Филарет - Патриарх Московский (СИ) - Шелест Михаил Васильевич
Шрифт:
Интервал:
Закладка:
Мы прошли мимо него. Иван Васильевич спросил: «когда крышу покроют?». Данила Романович ответил в конце лета. Государь поднял «руки горе», словно взывая к всевышнему, а я отлип от Ивана Васильевича и потихоньку отстал, не желая присутствовать при взрослом разговоре. Группа «ответственных работников» тоже попыталась отстать, но царь-государь начал расспрашивать то одного из них, то другого, и им пришлось держаться к нему, как можно ближе. Из вопросов мне стало понятно, что это главы местных дворцовых «палат», «приказов», «изб» и всего остального дворцового управленческого аппарата и я напряг уши.
Царь распекал главу ямчужного1 стола за то, что тот не уберёг мастера-фрязина, когда мне послышалось, что упоминаются Строгановы. Сочетание слов селитра и Строгановы, мне показалось странным. Прислушавшись, я понял, что их роль в процессе получения селитры и изготовлении пороха почему-то существенная. Кое-что о производстве пороха мой «спящий демон», видимо, знал, потому что сразу начал выдавать всевозможные рекомендации.
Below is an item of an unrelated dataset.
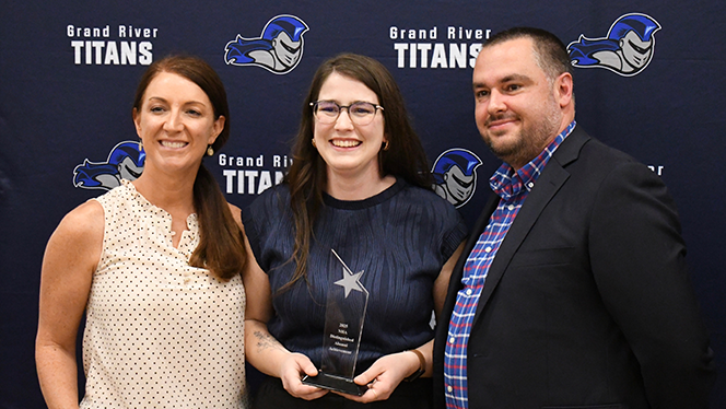 From left: DSQ Koree Woodward, Grand River Prep alum Abigail Steinmeier, and Grand River Prep Principal Mike Irwin pose for a photo after the event.

Мне порох был не интересен, и я, отодвинув «демона» подальше, просто продолжил напрягать уши. Тут царь произнёс латинское слово «лабараториум», а следом русское слово «стекло» и, повернувшись к уже построенному полутороэтажному зданию, махнул в его сторону рукой, и я встал в «стойку».
— Да ты судья, или кто? — вдруг повысил голос царь. — Был у фрязина подмастерье, где он?
— Сбежал, великий государь. Прикинулся, говорят, иноком, и сбежал.
— Да, что ж такое? Куда не кинь, всюду клин! Данила Романович, ты воевода… Почему у тебя люд через ворота ходит без спросу?
— Это надо судью стрелецкого приказа спросить, — шмыгнув носом, как дитя малое, сказал воевода и главный дворецкий.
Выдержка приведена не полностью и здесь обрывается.